### Instructions to follow
Copy every line of the data that includes the string "door".

### Provided entries
|---|
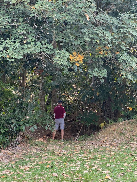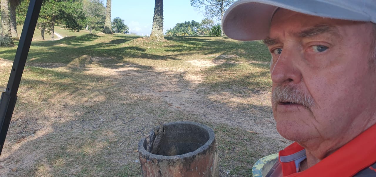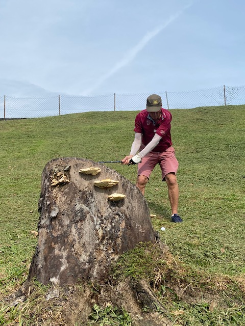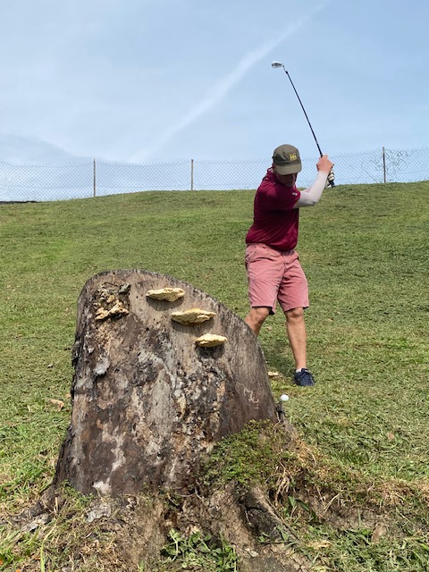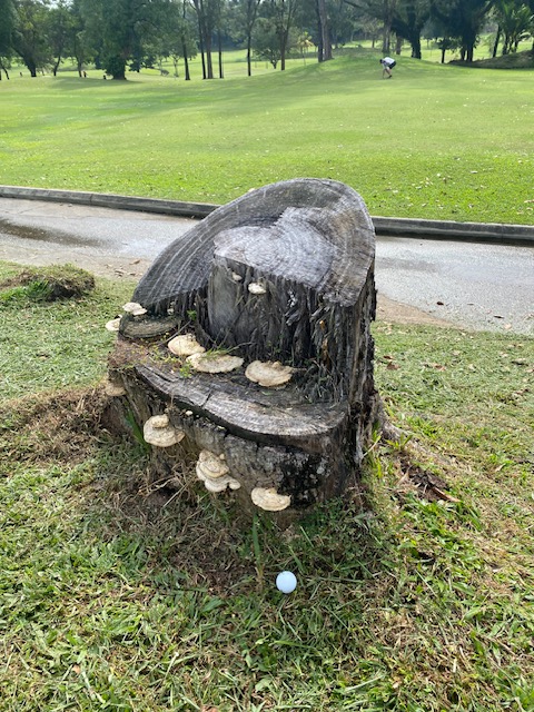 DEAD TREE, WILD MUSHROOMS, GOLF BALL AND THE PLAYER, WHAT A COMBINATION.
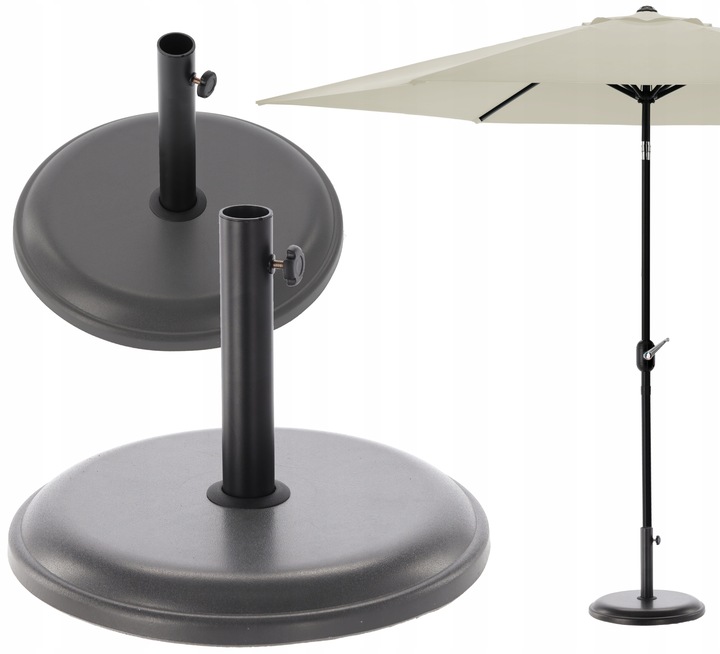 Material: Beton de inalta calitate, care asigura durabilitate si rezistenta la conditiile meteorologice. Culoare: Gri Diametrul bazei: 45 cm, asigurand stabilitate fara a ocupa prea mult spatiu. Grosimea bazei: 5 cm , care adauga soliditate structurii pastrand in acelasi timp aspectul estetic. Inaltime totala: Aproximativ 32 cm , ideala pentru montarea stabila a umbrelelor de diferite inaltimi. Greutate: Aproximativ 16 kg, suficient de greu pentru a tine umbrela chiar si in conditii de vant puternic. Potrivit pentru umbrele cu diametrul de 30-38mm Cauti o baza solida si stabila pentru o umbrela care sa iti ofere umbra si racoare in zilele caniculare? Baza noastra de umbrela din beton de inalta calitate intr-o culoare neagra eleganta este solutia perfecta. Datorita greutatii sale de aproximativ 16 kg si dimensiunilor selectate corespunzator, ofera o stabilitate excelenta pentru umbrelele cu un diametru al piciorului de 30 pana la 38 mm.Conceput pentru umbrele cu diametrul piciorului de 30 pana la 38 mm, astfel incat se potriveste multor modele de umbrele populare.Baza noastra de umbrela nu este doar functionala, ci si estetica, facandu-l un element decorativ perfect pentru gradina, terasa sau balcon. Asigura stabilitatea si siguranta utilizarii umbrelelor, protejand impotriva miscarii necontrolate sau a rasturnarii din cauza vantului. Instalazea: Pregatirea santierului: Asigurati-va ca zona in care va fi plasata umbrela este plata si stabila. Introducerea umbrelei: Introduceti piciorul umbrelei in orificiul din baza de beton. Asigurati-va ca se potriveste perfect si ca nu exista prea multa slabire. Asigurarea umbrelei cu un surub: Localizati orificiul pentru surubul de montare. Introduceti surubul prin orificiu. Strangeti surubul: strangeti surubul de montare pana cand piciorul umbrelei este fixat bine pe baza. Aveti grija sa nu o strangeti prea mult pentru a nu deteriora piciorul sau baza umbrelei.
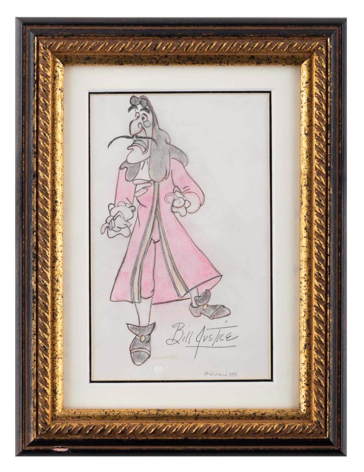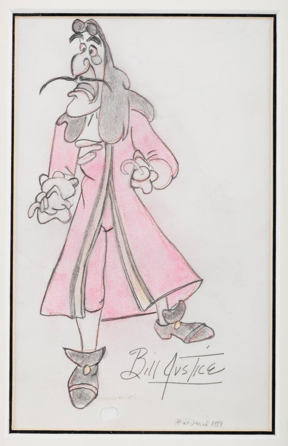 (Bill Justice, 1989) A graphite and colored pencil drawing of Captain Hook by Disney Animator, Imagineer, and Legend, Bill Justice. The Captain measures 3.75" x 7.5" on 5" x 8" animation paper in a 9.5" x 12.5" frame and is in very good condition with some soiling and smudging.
|---|
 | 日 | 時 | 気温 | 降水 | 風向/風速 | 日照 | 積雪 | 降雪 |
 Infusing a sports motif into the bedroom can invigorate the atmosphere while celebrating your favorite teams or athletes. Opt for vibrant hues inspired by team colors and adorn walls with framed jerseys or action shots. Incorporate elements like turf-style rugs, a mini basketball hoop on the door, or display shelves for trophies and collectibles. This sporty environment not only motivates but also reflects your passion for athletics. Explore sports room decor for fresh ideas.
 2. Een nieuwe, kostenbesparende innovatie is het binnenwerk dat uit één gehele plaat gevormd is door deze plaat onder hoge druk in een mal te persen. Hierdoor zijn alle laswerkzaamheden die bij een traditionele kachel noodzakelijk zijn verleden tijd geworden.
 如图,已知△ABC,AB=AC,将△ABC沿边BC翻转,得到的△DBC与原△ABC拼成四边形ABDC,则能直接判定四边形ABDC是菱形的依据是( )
|---|
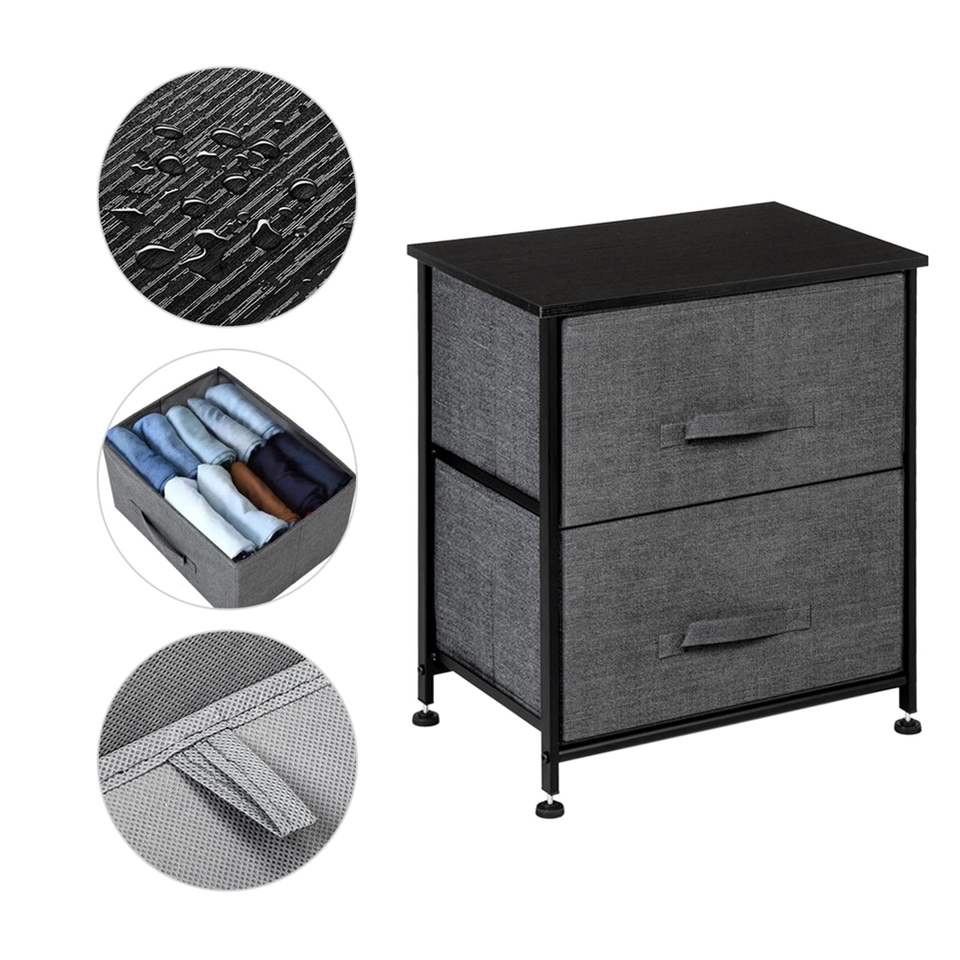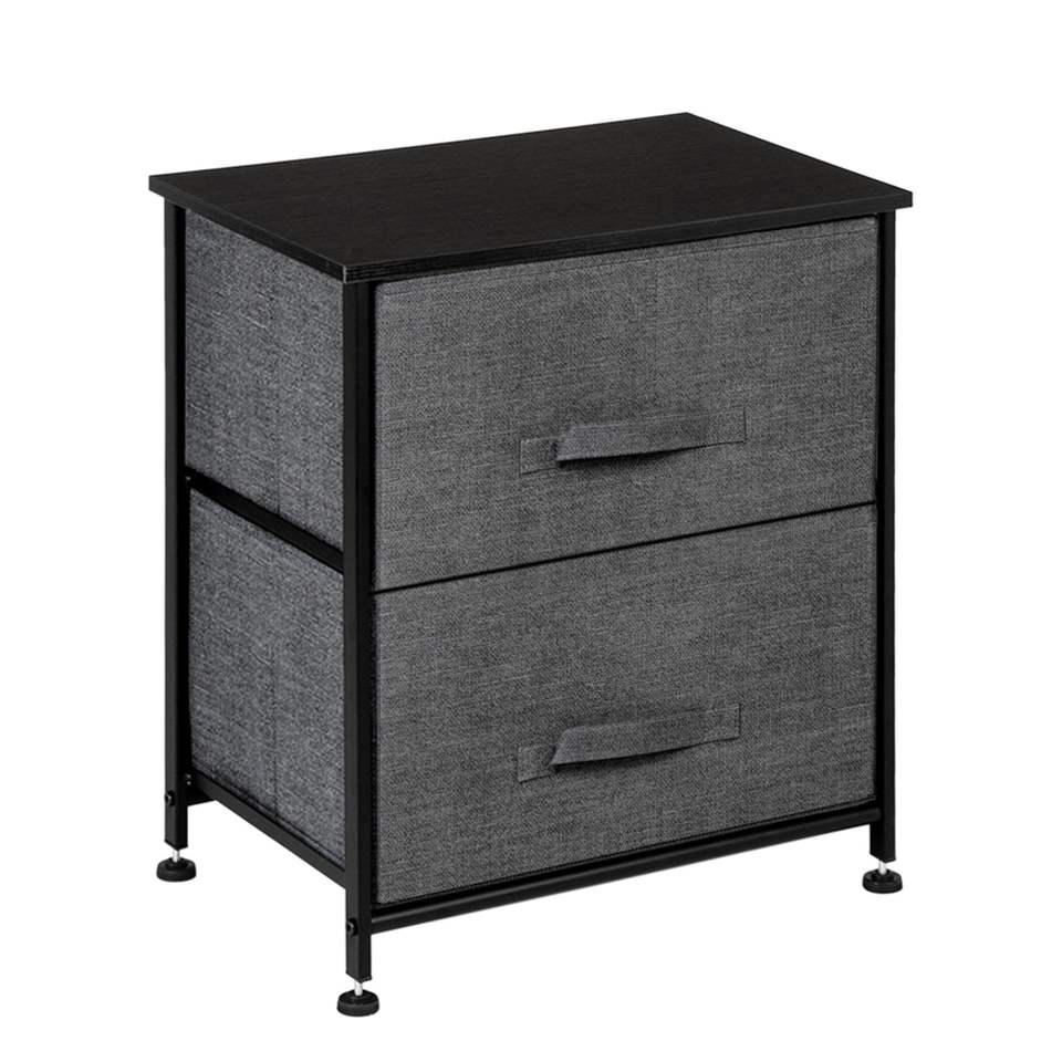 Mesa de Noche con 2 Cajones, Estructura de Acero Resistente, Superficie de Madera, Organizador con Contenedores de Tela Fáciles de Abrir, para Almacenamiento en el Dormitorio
|---|
### Written response
 Infusing a sports motif into the bedroom can invigorate the atmosphere while celebrating your favorite teams or athletes. Opt for vibrant hues inspired by team colors and adorn walls with framed jerseys or action shots. Incorporate elements like turf-style rugs, a mini basketball hoop on the door, or display shelves for trophies and collectibles. This sporty environment not only motivates but also reflects your passion for athletics. Explore sports room decor for fresh ideas.
 2. Een nieuwe, kostenbesparende innovatie is het binnenwerk dat uit één gehele plaat gevormd is door deze plaat onder hoge druk in een mal te persen. Hierdoor zijn alle laswerkzaamheden die bij een traditionele kachel noodzakelijk zijn verleden tijd geworden.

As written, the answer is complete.